We compared four representation families on the IMDB-5000 sentiment dataset using the same 80/20 stratified train/test split and a Logistic Regression classifier on top of each representation. Performance is reported with accuracy, precision, recall, and F1.

### TF–IDF baselines (sparse bag-of-ngrams)
TF–IDF with unigrams and bigrams produced similar performance (F1 ≈ 0.860–0.861). Adding bigrams gave only a marginal improvement over unigrams in this run.

### TF–IDF + SVD (LSA)
Applying TruncatedSVD to the TF–IDF matrix (LSA) did not improve results relative to the best TF–IDF baseline. SVD100 degraded performance (F1 ≈ 0.829), while SVD200–SVD300 recovered close to the baseline (F1 ≈ 0.850–0.860), but still did not exceed TF–IDF without dimensionality reduction.

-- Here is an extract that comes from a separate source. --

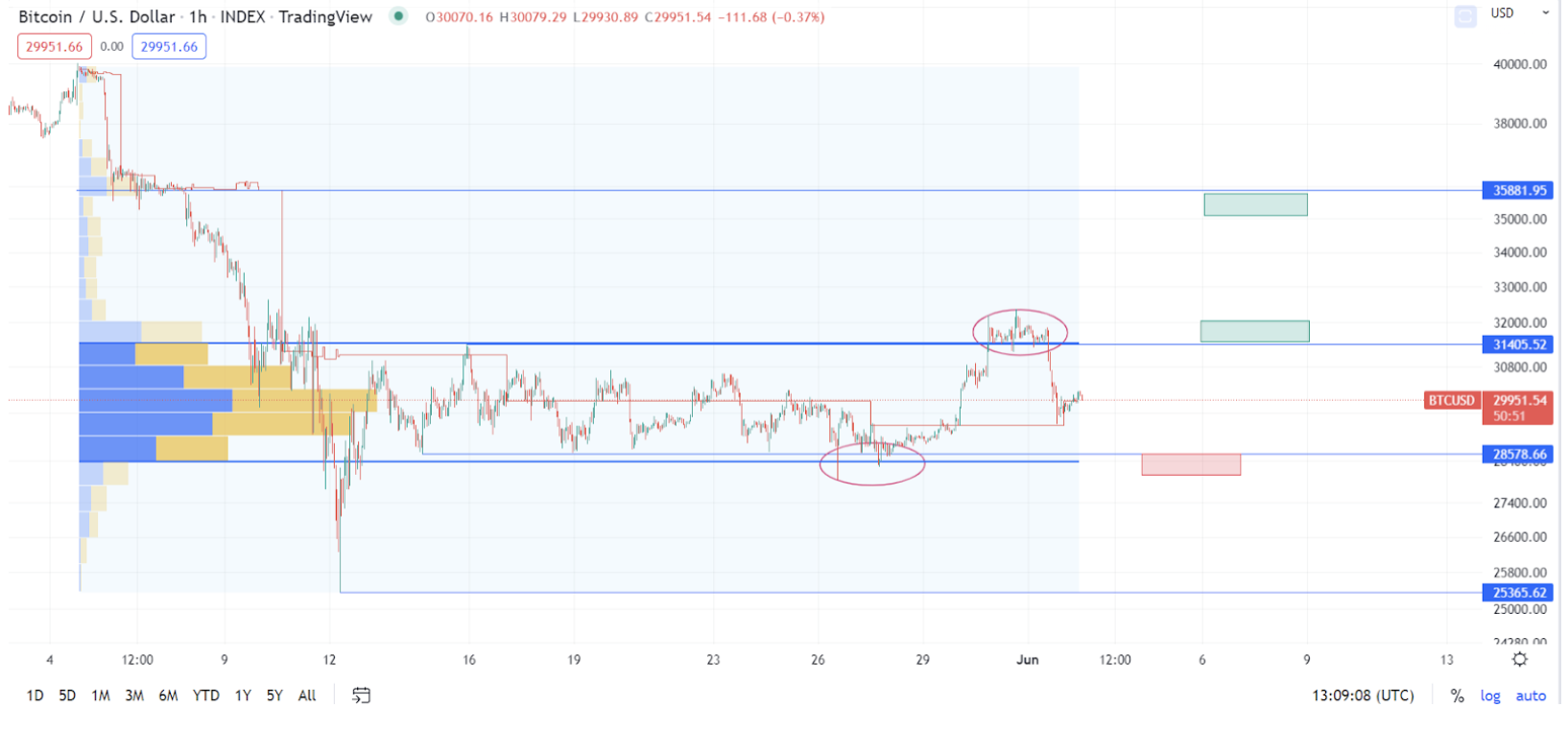 Невзирая на весь фундаментал и высокую корреляцию криптовалютного рынка с фондовым, можем заметить, что после ретеста ключевой зоны (VAH) над уровнем $31 400, цена BTC все же откатилась и приблизилась к POC $29 300. Во многом такая тенденция обуславливается действиями крупных игроков, которые методично накапливали активы на падении рынка, и чередой лонговых ликвидаций, которые открывали свои сделки на пробое $31 400.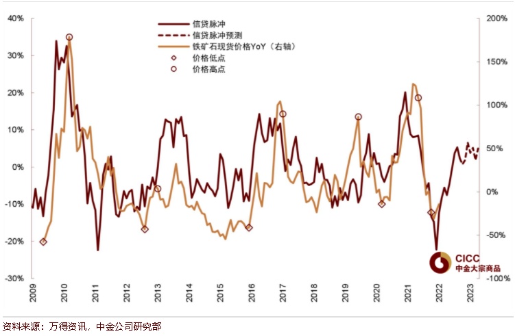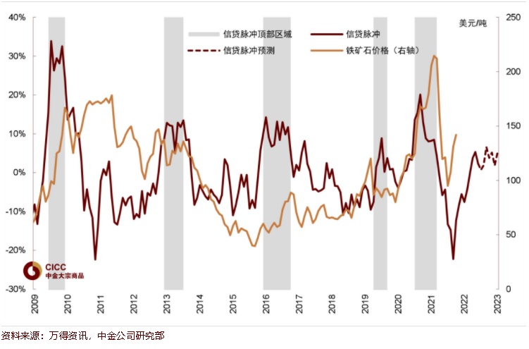 图表: 信贷脉冲与铁矿石价格的同比增速(信贷脉冲右移8个月)

### Averaged pretrained word embeddings (dense, static)
Document vectors formed by averaging pretrained word vectors performed worse than TF–IDF. Word2Vec averaging reached F1 ≈ 0.841, and GloVe averaging reached F1 ≈ 0.821. This is consistent with the limitation of simple averaging: it discards word order and can dilute sentiment-bearing phrases.

### OpenAI document embeddings (dense, contextual)
OpenAI embeddings substantially outperformed all other approaches. `text-embedding-3-small` achieved the best overall result (accuracy ≈ 0.939, F1 ≈ 0.940). The older `text-embedding-ada-002` was slightly weaker (accuracy ≈ 0.925, F1 ≈ 0.927). These embeddings likely capture higher-level semantic and sentiment cues beyond surface n-gram statistics.

### Overall ranking (by F1 in this run)
1. OpenAI `text-embedding-3-small` + LR (F1 ≈ 0.940)
2. OpenAI `text-embedding-ada-002` + LR (F1 ≈ 0.927)
3. TF–IDF (1,2) + LR / TF–IDF + SVD300 + LR (F1 ≈ 0.860–0.861)
4. Word2Vec average + LR (F1 ≈ 0.841)
5. GloVe average + LR (F1 ≈ 0.821)

## Implementation notes

OpenAI embeddings were computed in batches and cached to disk to avoid repeated API calls. Word2Vec and GloVe document embeddings were constructed by averaging in-vocabulary word vectors for each review and then training a classifier on these dense document vectors.